*WHAT THE TASK REQUIRES*
Print the lines below word for word, beginning with the first and ending with the line that holds "Enhance your Toyota", and skip every picture.

*DATA PROVIDED*
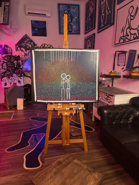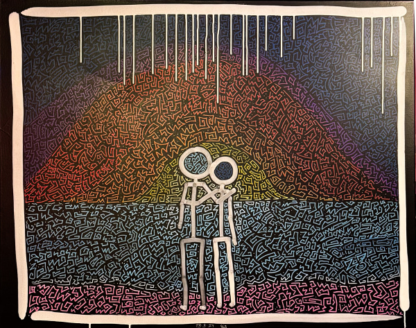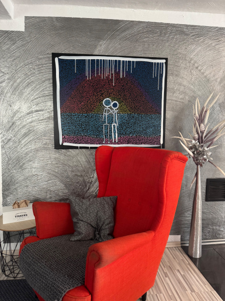 Dieses handgemalte Leinwandbild (100 x 80 cm, ca. 4 cm tief) fängt die Schönheit eines Strichmännchen-Paares am Strand ein, das einen Sonnenmoment am Horizont genießt. Der bewusst kindlich-minimalistische Stil mit einfachen Strichen und harmonischen Farben verleiht dem Bild eine unbeschwerte Leichtigkeit. Ein charmantes und einzigartiges Kunstwerk, das durch seine naive Einfachheit begeistert und zum Träumen einlädt.
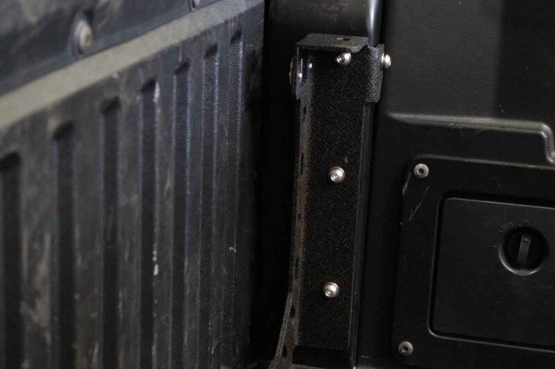 Enhance your Toyota Tacoma's utility with this black textured powder-coated panel. It attaches easily with stainless steel hardware, providing convenient attachment points for ratchet straps, bungee cords, MOLLE nets, and more. Requires drilling but installs clear of the tailgate path for maximum functionality. Fits 2005-Current Toyota Tacoma models.
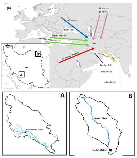 Extreme topographic anomalies, the Caspian Sea and the Persian Gulf water bodies, diverse air mass and moisture source influences and considerable area cause climate disparities across Iran. Two boxes, sized 1° × 1°, including Shiraz (A) and Mashhad (B) have been chosen in the south-central and northeastern parts of Iran, respectively (Figure 1). The Shiraz box in the south-central part and the Mashhad box in the northeastern part of Iran have been chosen as indicators to investigate the spatial climate variations across Iran. The Shiraz box is located in a synclinal plain of the Zagros Mountain range in Fars province in the south-central part of Iran. The climate of Shiraz box is semi-arid, with the average annual precipitation of 337 mm and long-term mean annual temperature of 18 °C. Chenar-rahdar River with a wide discharge range from 0.02 to 5.28 m3/s−1 and the discharge average of 0.75 m3/s−1 (measured in Chenar-rahdar gauge station) is the main river in the Shiraz box (Figure 1). The Mashhad box located in the northeast of Iran in Kopeh Dagh mega anticline is a semi-arid region with an average annual precipitation of 250 mm [43]. Kardeh River is one of the largest rivers in Khorasan Razavi province located in the Mashhad box with a discharge varying from 0.05 to 6.16 m3/s−1 and average discharge of 0.64 m3/s−1 (measured in Kardeh gauge station) (Figure 1).
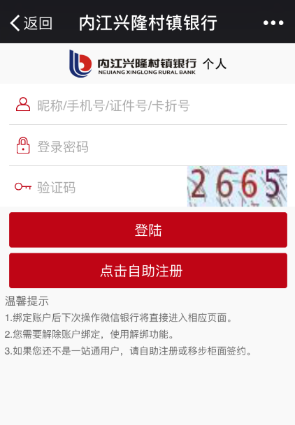1、使用内江兴隆村镇银行微信银行之前,需在我行柜台开立个人结算账户;

*TASK RESPONSE*
 Dieses handgemalte Leinwandbild (100 x 80 cm, ca. 4 cm tief) fängt die Schönheit eines Strichmännchen-Paares am Strand ein, das einen Sonnenmoment am Horizont genießt. Der bewusst kindlich-minimalistische Stil mit einfachen Strichen und harmonischen Farben verleiht dem Bild eine unbeschwerte Leichtigkeit. Ein charmantes und einzigartiges Kunstwerk, das durch seine naive Einfachheit begeistert und zum Träumen einlädt.
 Enhance your Toyota Tacoma's utility with this black textured powder-coated panel. It attaches easily with stainless steel hardware, providing convenient attachment points for ratchet straps, bungee cords, MOLLE nets, and more. Requires drilling but installs clear of the tailgate path for maximum functionality. Fits 2005-Current Toyota Tacoma models.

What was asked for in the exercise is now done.